Level 5 works reliably first on well-bounded problem spaces: a specific microservice, a data pipeline, a well-defined API surface. The narrower and cleaner the domain, the more complete the spec can be, and the more rigorous the eval.

Opportunity · Compounding

The Factory Gets Faster

Every well-specified component you produce becomes a building block for future specs. The memory layer grows. The eval suite expands. Over time a good factory compounds: the cost of producing new software drops with each iteration.

06 · Current State

Honest Assessment: March 2026

What actually exists, and what remains genuinely unsolved.

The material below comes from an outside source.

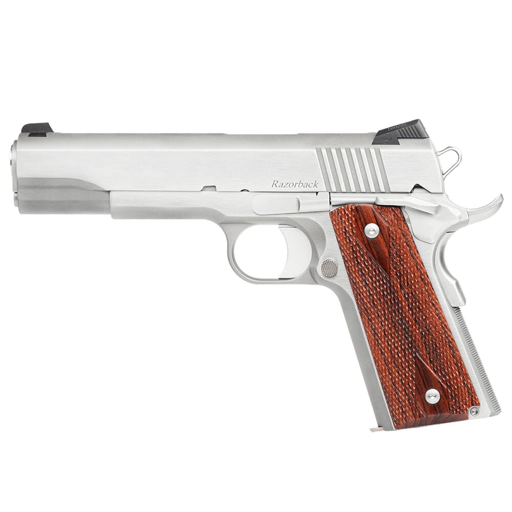 Made to the highest specifications and chambered in the potent 10mm Auto, the Razorback is highly versatile 1911 well suited for defensive applications, target shooting, and even hunting mid-sized game like deer or wild boar. This high performance handgun is outfitted with ramped, match-grade barrel which is optimized for smoothly feeding the most popular 10mm loads. The forged, stainless steel frame features an undercut trigger guard designed to place the shooter’s hand in an ideal position for comfort and accuracy, and 25 LPI on the back strap ensure a firm grip on the weapon without being abrasive. The Razorback is also equipped with fixed, Novak-style sights with rear sight serrations and an inverted rib machined directly into the top on the slide to greatly reduce glare and provide a clean sight picture regardless of the lighting conditions. In addition to its wide array of performance enhancing features, the Razorback offers a retro-style and aesthetically pleasing profile. A traditional frame cut and square grip profile retains the lines of a classic 1911 for an elegantly simple appearance. The flat sections of the frame and slide feature soft brushing, and the rounded sections are sand blasted to provide a nice contrast. The Razorback is completed with a set of double diamond grips made from premium cocobolo wood.

EXISTS NOW Level 3–4 Infrastructure

Multi-agent branch isolation with orchestrated merges (Level 3)
Spec-driven generation with eval-based acceptance (Level 4)
Claude Code CLI with CLAUDE.md instruction layers
Automated CI/CD pipelines integrated with AI agents

The gap The piece that doesn't exist reliably yet is the full removal of human review from the merge loop. Every current production implementation keeps a human somewhere: approving PRs, reviewing eval results, making the final call. That's Level 4. Level 5 is closing that last loop.

UNSOLVED The Spec Problem

No standardised format for machine-readable specifications yet
Most developers have never written a spec complete enough for Level 4, let alone 5
Spec quality is hard to evaluate before the run; failure is the primary feedback signal
The industry hasn't built a culture of pre-run specification discipline

The unsolved problem Building the factory is tractable. Teaching humans to write specs good enough to feed it is the real unsolved problem. This is a cultural and educational challenge as much as a technical one. The tools exist. The skill doesn't, yet.

Where to focus if Level 5 is your goal

Don't start by building the factory. Start by building the spec discipline. Write your next feature as a full Level 5 spec (behaviour contract, eval suite, constraints, anti-spec) before touching any code. Run it through a Level 4 flow. See what the spec missed. The gap between your spec and the actual working software is exactly the gap between you and Level 5. Close it incrementally. The factory will be waiting when you get there.